> **Directions for this task**: Please set down only the lines below starting with the line with "The morning vista" and going on through the line with "U glavnom gradu", verbatim and without pictures.

> **Data**:
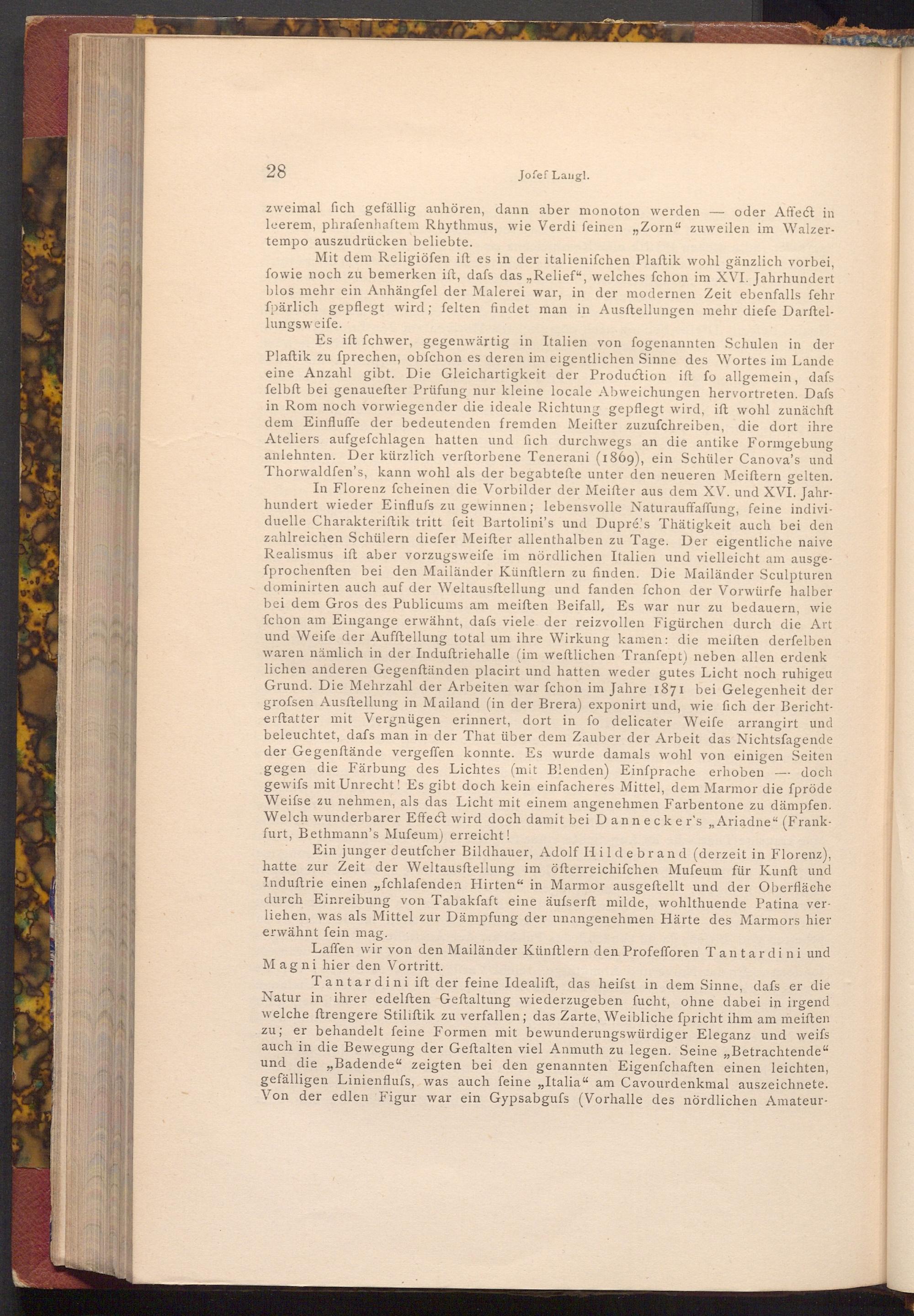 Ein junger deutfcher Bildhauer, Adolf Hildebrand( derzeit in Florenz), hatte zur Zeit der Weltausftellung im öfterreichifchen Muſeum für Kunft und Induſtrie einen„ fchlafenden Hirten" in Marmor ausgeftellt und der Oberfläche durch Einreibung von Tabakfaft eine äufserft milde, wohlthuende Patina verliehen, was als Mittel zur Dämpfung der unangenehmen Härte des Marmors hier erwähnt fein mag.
...
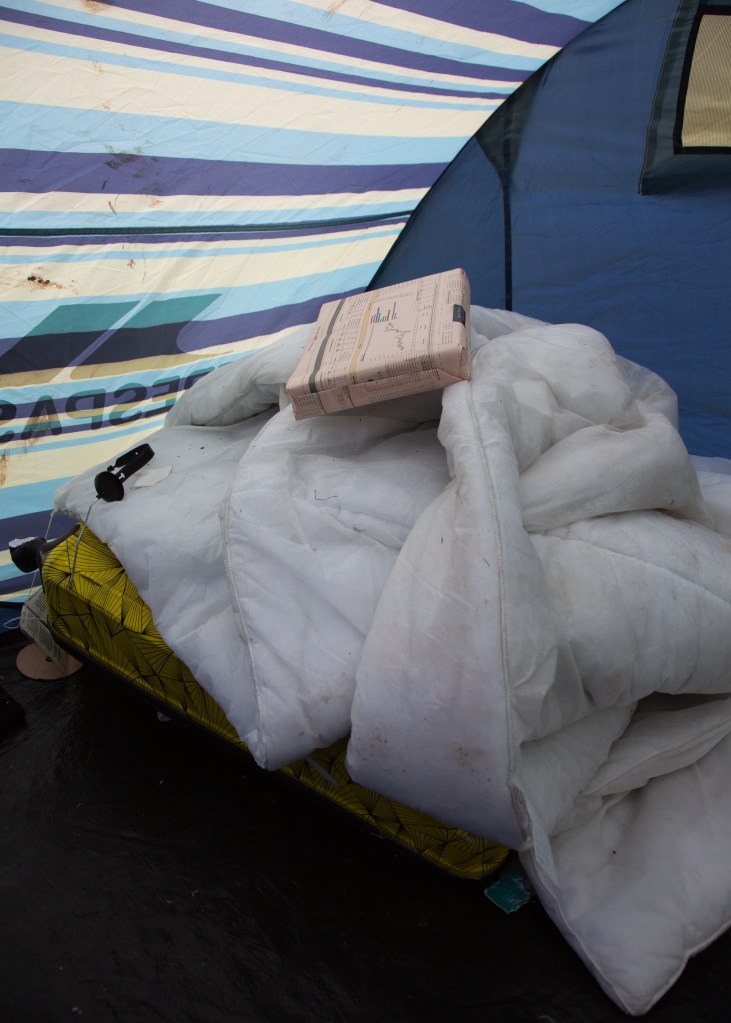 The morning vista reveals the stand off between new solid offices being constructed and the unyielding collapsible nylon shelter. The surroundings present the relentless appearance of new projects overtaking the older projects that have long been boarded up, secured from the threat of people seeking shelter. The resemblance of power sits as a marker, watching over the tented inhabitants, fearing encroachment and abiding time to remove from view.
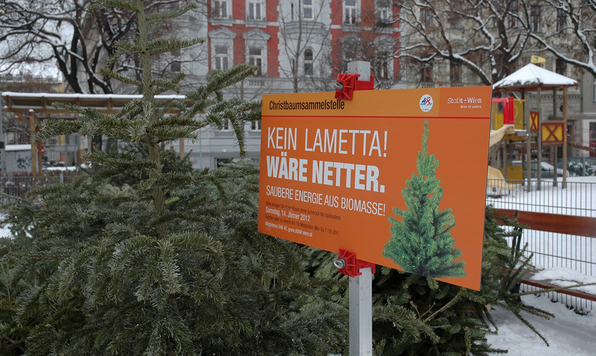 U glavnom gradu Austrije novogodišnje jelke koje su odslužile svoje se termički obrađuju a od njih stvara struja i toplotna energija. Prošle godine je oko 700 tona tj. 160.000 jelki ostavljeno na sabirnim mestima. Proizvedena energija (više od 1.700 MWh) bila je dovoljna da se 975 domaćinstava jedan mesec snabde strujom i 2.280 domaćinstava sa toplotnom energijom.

> **Result for this task**:
 The morning vista reveals the stand off between new solid offices being constructed and the unyielding collapsible nylon shelter. The surroundings present the relentless appearance of new projects overtaking the older projects that have long been boarded up, secured from the threat of people seeking shelter. The resemblance of power sits as a marker, watching over the tented inhabitants, fearing encroachment and abiding time to remove from view.
 U glavnom gradu Austrije novogodišnje jelke koje su odslužile svoje se termički obrađuju a od njih stvara struja i toplotna energija. Prošle godine je oko 700 tona tj. 160.000 jelki ostavljeno na sabirnim mestima. Proizvedena energija (više od 1.700 MWh) bila je dovoljna da se 975 domaćinstava jedan mesec snabde strujom i 2.280 domaćinstava sa toplotnom energijom.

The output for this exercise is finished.